Silence descended again. Kurov didn’t waste it.

‘Admiral Parol of Battlefleet Armageddon has outlined his plan and uploaded it to the tactical network for all commanders to review. Once the orbital war is lost, be it four days or nine, our fleets will break from the planet in a fighting withdrawal. From then on, Armageddon will be defenceless beyond what is already entrenched upon the surface. The orks will be free to land whatever and wherever they wish.

‘Admiral Parol will lead the remaining Naval ships of the fleet in repeated guerrilla strikes against the invaders’ vessels still in orbit.’

‘Who will lead the Astartes vessels?’ Captain Amaras spoke up again.

There was another pause, before Commissar Yarrick nodded to a dark-armoured cluster of warriors across the table.

‘Given his seniority and the expertise of his Chapter, High Marshal Helbrecht of the Black Templars will take overall command of the Astartes fleets.’

And once more, there was uproar, several Astartes commanders demanding that the glory be theirs. The knights ignored it.

‘We are to remain in orbit?’ Grimaldus leaned closer to his commander and voiced the question.

The High Marshal didn’t take his eyes from Yarrick. ‘We are the obvious choice to command the Astartes elements in the orbital battles.’

The Chaplain looked across the chamber, at the various leaders and officers of a hundred different forces.

I was wrong,
he thought.
I will not die in futility on this world.
Eagerness, hot and urgent, flushed through his system, as real and vital as a flood of adrenaline gushing through his two hearts.

‘The
Crusader
will plunge like a lance into the core of their fleet. High Marshal, we can slaughter the greenskin tyrant before he even sets foot on the world below us.’

Helbrecht lifted his gaze from the ancient commissar as his Chaplain spoke. He turned to Grimaldus, his dark eyes piercing the other knight’s skull mask with their intensity.

‘I have already spoken with the other marshals, my brother. We must leave a contingent on the surface. I will lead the orbital crusade. Amalrich and Ricard will lead the forces in the Ash Wastes. All that remains is a single crusade, to defend one of the hive cities that yet remains ungarrisoned by Astartes.’

Grimaldus shook his head. ‘That is not our duty, my liege. Both Amalrich and Ricard have a host of honours inscribed upon their armour. Each has led greater crusades alone. Neither will relish an exile to a filthy manufactorum hive while a thousand of their brothers wage a glorious war in the heavens. You would shame them.’

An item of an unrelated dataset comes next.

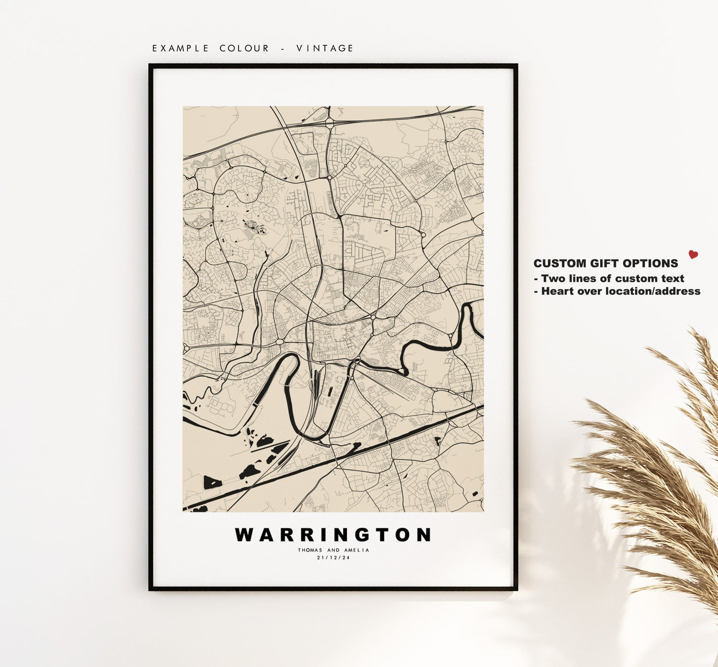 Warrington map in a minimalist black/white style or choose from a range of colours. These maps look great as a feature piece or as part of a set over a statement piece of furniture. You can personalise this print by adding up to two lines of custom text beneath the city title, or by adding a heart over a location or address.

‘And yet,’ Helbrecht was implacable, his features set in stone, ‘a commander must remain.’

‘Don’t.’ The knight’s blood ran cold. ‘Don’t do this.’

‘It is already done.’

‘No,’ he said, and meant it with every fibre of his being.
‘No.’

‘This is not the time. The decision is made, Grimaldus. I know you, as I knew Mordred. You will not refuse this honour.’

‘No,’
Grimaldus said again, loud enough that other commanders began to stare.

Helbrecht said nothing. Grimaldus stepped closer to him.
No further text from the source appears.